En conclusion, récupérer la souveraineté populaire qui est en piteux état nécessite de mettre en place l’intégration politique de l’UE par le biais d’un nouveau demos artificiel. (A son tour, celui-ci devra diriger la nature de plus en plus cosmopolite du droit international, c’est-à-dire le processus par lequel ce dernier – qui est actuellement le socle des Etats les plus puissants – devient un droit également adapté pour et par les citoyens du monde.) Toutefois, que faire à l’heure où l’UE fait naufrage car elle n’a pas les fondations permettant de faire éclore une démocratie transnationale de qualité ?

Plus d’importance au Parlement

Faisons maintenant appel au droit pour adapter intentionnellement la réalité sociale. Selon Jürgen Habermas, “tous les aspects de la culture humaine, y compris le discours et la langue, sont des constructions. Si l’essentiel de la culture a vu le jour accidentellement, […] les accords juridiques sont des [constructions] particulièrement artificielles”. Par conséquent, pour surpasser les structures culturelles qui nous déterminent (frontières, institutions, codes, langue, etc.) et pour que la solidarité traverse les frontières, il devient indispensable d’accorder plus d’importance au Parlement, pour ainsi encourager les citoyens à participer à la législation aux côtés du Conseil de l’Union européenne, tout comme il devient nécessaire de créer de véritables partis politiques européens.
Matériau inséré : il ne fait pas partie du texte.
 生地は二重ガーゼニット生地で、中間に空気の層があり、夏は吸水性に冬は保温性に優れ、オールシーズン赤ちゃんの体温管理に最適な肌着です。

De cette manière, nous ressusciterions un projet commun qu’à l’heure actuelle, nous envisageons uniquement sous l’angle des avantages qu’il peut apporter à notre pays et nous-mêmes. [[Voter pour des partis européens reviendrait à débattre et légiférer démocratiquement sur nos nombreux problèmes]]. Les médias traduiraient et diffuseraient dans chaque sphère publique les informations techniques fondamentales et les intérêts en jeu. Une société civile européenne florissante qui contribuerait à rassembler les intérêts individuels au sein d’un même cadre politique participerait à alimenter cette transnationalisation des diverses sphères publiques.
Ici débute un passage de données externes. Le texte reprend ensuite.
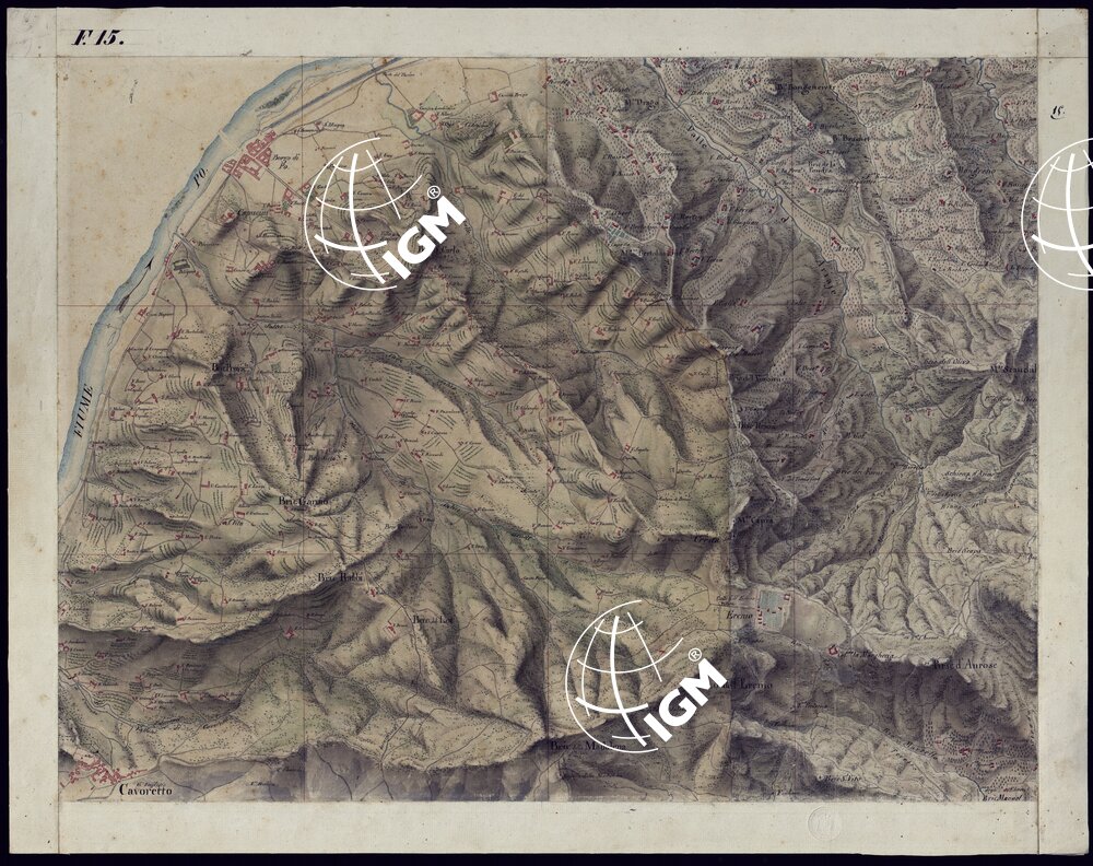 Il titolo non è presente sulla carta. La carta consta di 24 fogli. I primi quattro fogli provengono da ridisegni mentre gli altri venti sono rilievi originali di campagna e sono in parte costituiti da spezzoni riuniti. Orografia acquerellata a luce obliqua. Qualche foglio reca la firma dei tenenti Salius, Ricci e Morozzo.

Comme les Européens seront les concitoyens des personnes avec qui nous établirons un pacte, avec l’accountability [responsabilité] et la responsiveness [réactivité] surgiront forcément des liens solidaires, le sentiment de coappartenance propre à toute forme d’autogouvernement démocratique. Cela ne sera pas très compliqué pour ceux qui partagent déjà beaucoup de choses (des guerres mondiales à une raison éclairée qui affronte les problèmes de façon pratique : la tolérance, l’Etat de droit, la démocratie, etc.), sur lesquelles construire une identité collective plus large et abstraite, mais suffisamment solide pour qu’un Allemand paie des impôts pour un Grec.

Un projet politique

Par ailleurs, voter pour des partis européens dotés d’un véritable pouvoir législatif (et exécutif) mettrait fin aux critiques que l’UE doit maintenant repousser en raison de son fonctionnement bureaucratique et mercantile, et de sa nature intergouvernementale (et nationale), qui soumet les plus faibles aux desseins des plus forts. Seules des solutions alternatives et une forme d’alternance nous permettront de voir l’UE non comme un projet élitiste, mais comme un projet politique dont nous rejetons la dérive actuelle. Un projet non pas figé, mais dirigé par plusieurs partis tenus de nous rendre des comptes s’ils ne veulent pas passer dans l’opposition.

La meilleure redistribution et une souveraineté populaire efficace passe par le renforcement du demos. Pour cette raison, la gauche ne devrait pas s’opposer au projet politique européen, mais plutôt à sa nature monolithique actuelle.